* _Your goal_
Using the records that follow, reproduce exactly the lines starting at the line containing "Colorful Easter egg" and ending at the line containing "近日,由共青团中央、商务部、". Include both end lines and no pictures.

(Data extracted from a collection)
=== Section Start ===

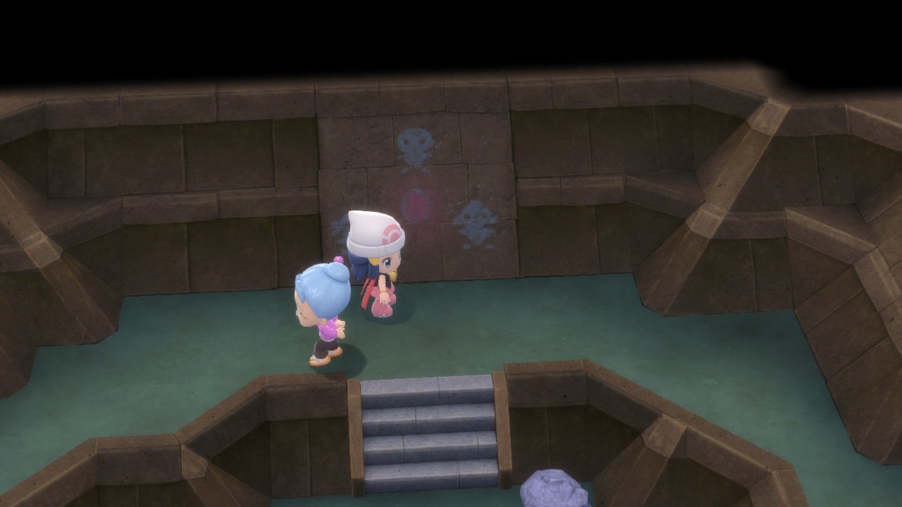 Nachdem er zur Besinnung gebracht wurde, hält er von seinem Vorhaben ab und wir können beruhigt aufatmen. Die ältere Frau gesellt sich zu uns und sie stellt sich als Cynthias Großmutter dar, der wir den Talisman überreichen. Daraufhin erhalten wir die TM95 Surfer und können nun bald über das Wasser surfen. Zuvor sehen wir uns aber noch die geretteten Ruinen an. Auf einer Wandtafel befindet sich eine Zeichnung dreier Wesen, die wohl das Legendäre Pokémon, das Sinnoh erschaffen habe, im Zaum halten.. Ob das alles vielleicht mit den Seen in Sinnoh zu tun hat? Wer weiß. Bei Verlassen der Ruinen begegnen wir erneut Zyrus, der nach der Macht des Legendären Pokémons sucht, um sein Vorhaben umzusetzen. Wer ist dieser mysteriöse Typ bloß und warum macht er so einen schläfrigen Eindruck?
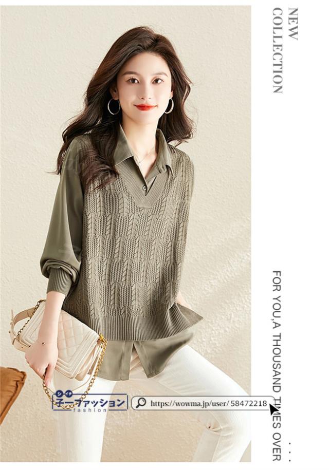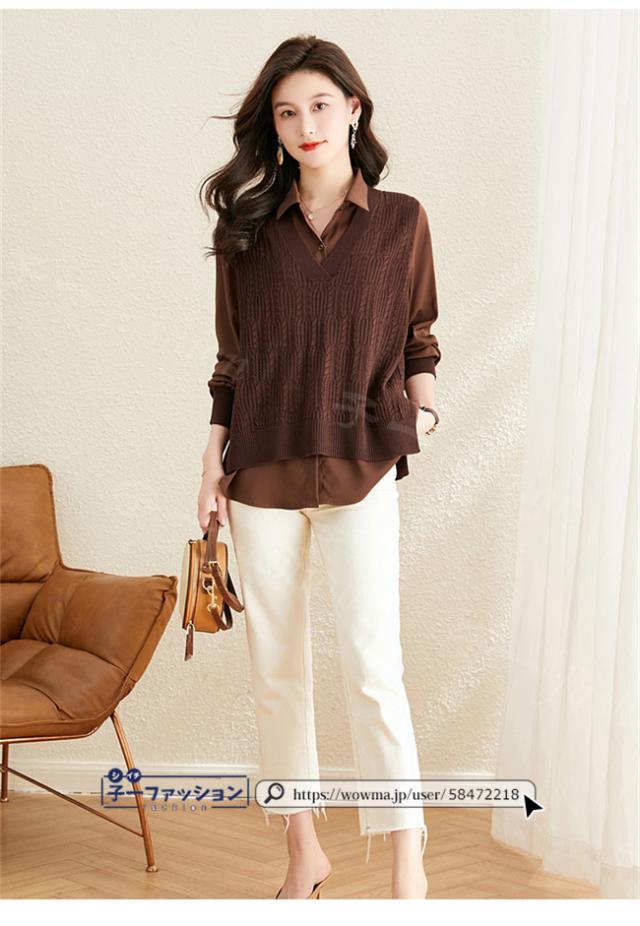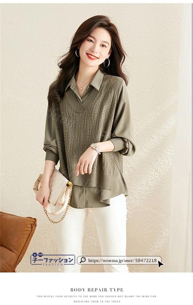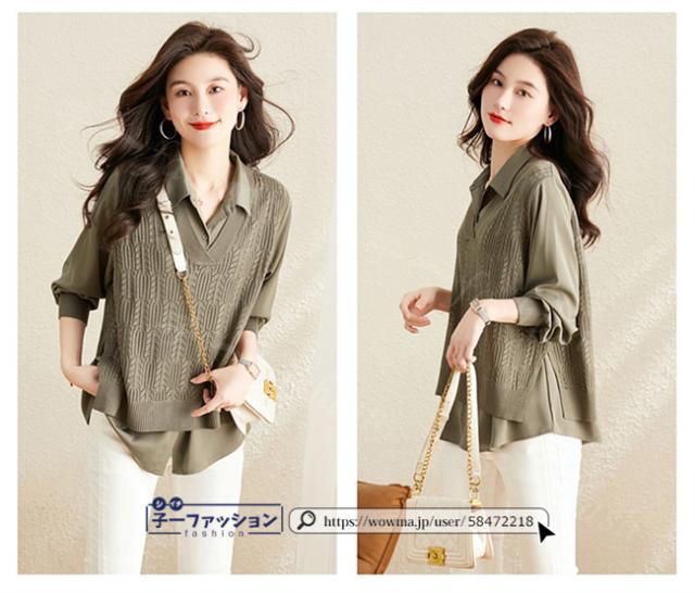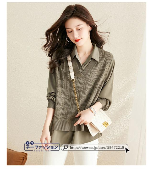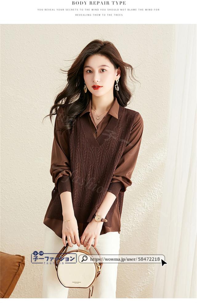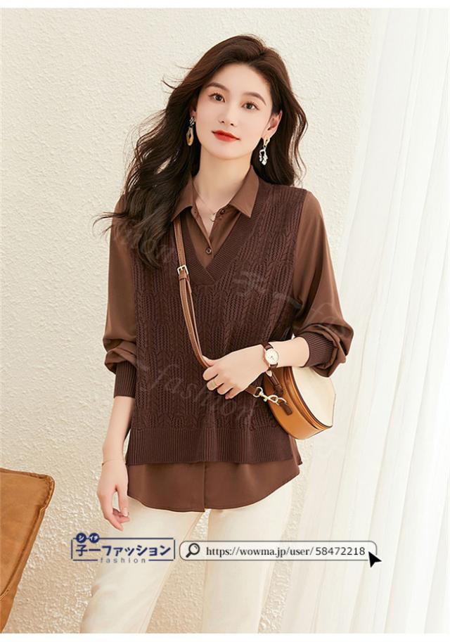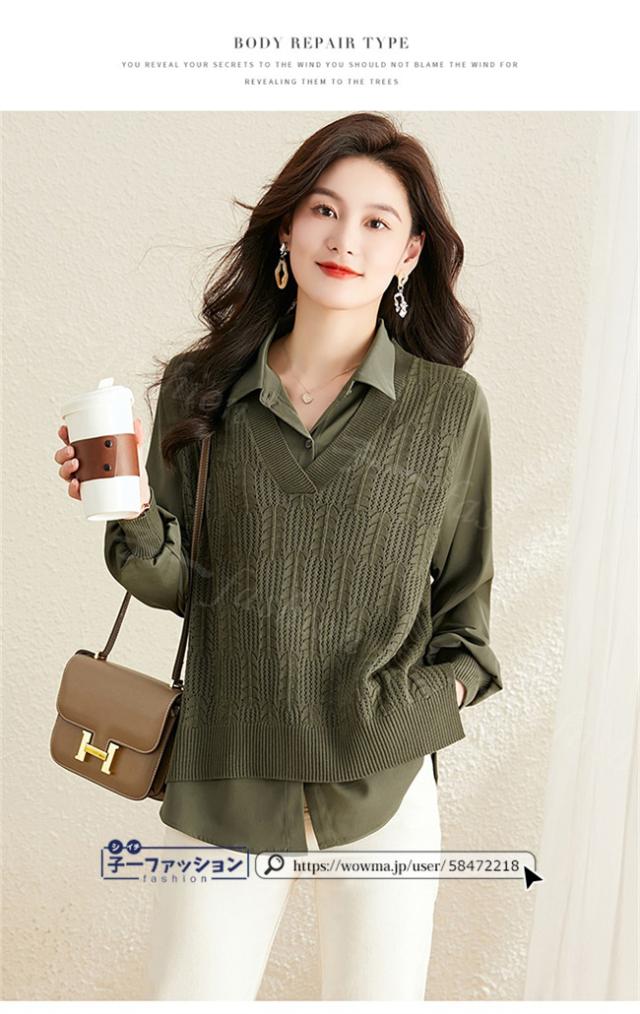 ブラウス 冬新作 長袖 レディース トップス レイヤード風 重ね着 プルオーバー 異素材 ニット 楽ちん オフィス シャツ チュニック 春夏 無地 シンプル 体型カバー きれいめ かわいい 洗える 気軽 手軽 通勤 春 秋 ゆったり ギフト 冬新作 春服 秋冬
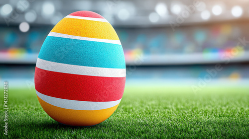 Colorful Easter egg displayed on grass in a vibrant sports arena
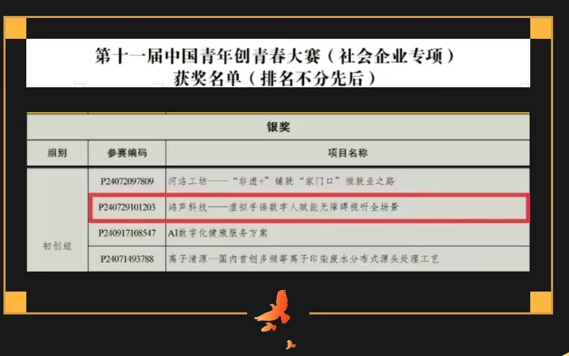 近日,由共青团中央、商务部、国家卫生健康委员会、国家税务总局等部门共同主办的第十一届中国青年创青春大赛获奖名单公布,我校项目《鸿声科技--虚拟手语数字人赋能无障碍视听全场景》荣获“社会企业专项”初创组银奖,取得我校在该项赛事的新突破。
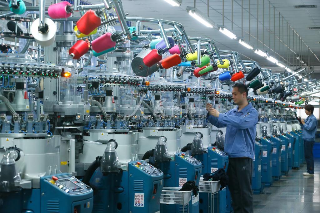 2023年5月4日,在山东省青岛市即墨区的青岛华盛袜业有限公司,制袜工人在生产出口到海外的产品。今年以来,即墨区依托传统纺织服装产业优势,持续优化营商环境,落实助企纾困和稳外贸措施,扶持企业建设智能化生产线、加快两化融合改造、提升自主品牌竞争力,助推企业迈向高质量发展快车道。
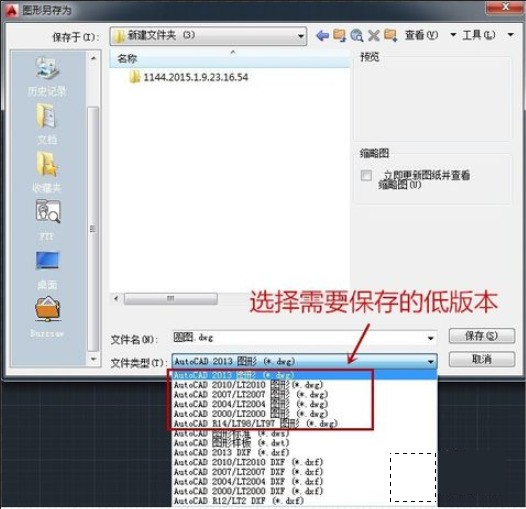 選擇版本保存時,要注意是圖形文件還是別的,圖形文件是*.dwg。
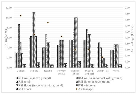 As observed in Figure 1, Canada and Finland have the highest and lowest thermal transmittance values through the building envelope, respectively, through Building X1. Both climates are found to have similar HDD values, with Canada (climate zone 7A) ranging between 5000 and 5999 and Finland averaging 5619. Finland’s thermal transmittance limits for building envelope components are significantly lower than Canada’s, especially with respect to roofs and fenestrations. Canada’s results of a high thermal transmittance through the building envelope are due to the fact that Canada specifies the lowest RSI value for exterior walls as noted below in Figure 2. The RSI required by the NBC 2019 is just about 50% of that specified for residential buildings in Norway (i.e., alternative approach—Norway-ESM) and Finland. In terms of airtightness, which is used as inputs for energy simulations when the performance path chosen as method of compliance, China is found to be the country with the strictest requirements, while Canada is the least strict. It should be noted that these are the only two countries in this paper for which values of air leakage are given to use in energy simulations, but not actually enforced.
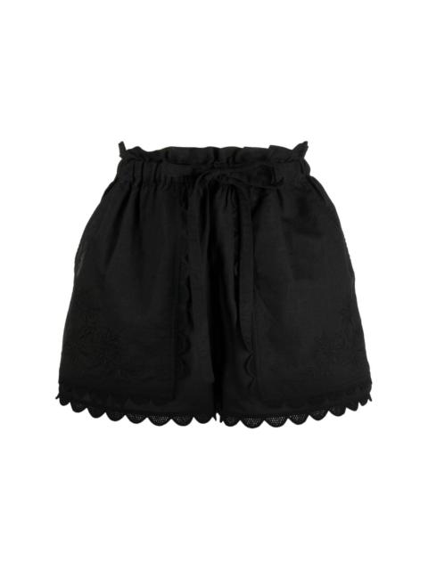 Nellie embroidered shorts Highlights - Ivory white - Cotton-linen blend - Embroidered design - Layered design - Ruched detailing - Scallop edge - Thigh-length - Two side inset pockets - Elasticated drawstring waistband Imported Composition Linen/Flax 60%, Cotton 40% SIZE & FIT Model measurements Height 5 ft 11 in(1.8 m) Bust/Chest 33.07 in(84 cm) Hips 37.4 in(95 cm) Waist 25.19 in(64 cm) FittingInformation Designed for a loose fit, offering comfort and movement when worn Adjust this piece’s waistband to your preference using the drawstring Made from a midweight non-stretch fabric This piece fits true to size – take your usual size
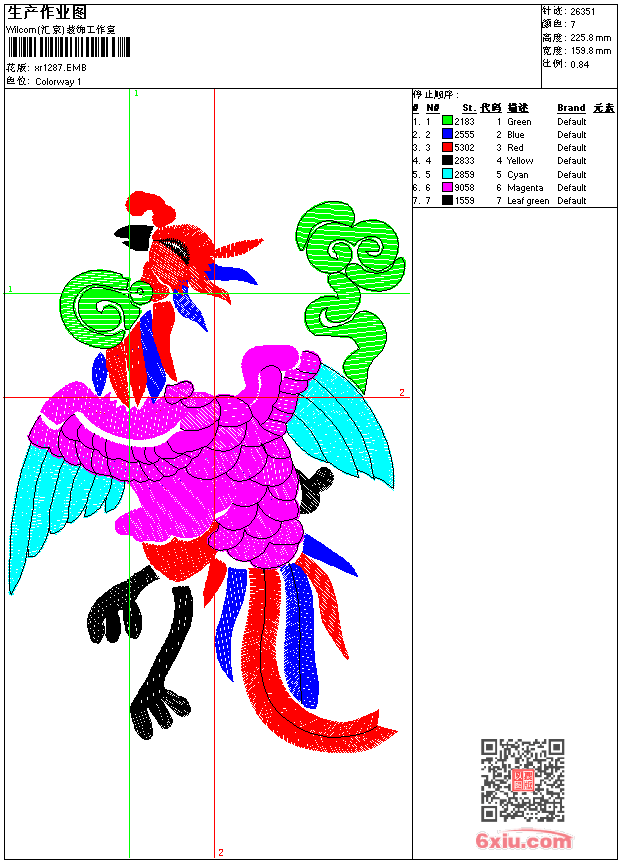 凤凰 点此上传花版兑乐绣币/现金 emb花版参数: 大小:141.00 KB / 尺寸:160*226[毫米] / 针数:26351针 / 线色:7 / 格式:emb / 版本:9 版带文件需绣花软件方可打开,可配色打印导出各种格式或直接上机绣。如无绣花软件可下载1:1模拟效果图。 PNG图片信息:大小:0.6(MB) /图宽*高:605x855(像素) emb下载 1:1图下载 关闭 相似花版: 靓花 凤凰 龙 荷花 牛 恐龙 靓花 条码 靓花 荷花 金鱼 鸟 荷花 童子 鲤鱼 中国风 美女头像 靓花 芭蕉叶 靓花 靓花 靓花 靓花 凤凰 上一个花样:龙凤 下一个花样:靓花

=== Section End ===

* _Exercise response_
 Colorful Easter egg displayed on grass in a vibrant sports arena
 近日,由共青团中央、商务部、国家卫生健康委员会、国家税务总局等部门共同主办的第十一届中国青年创青春大赛获奖名单公布,我校项目《鸿声科技--虚拟手语数字人赋能无障碍视听全场景》荣获“社会企业专项”初创组银奖,取得我校在该项赛事的新突破。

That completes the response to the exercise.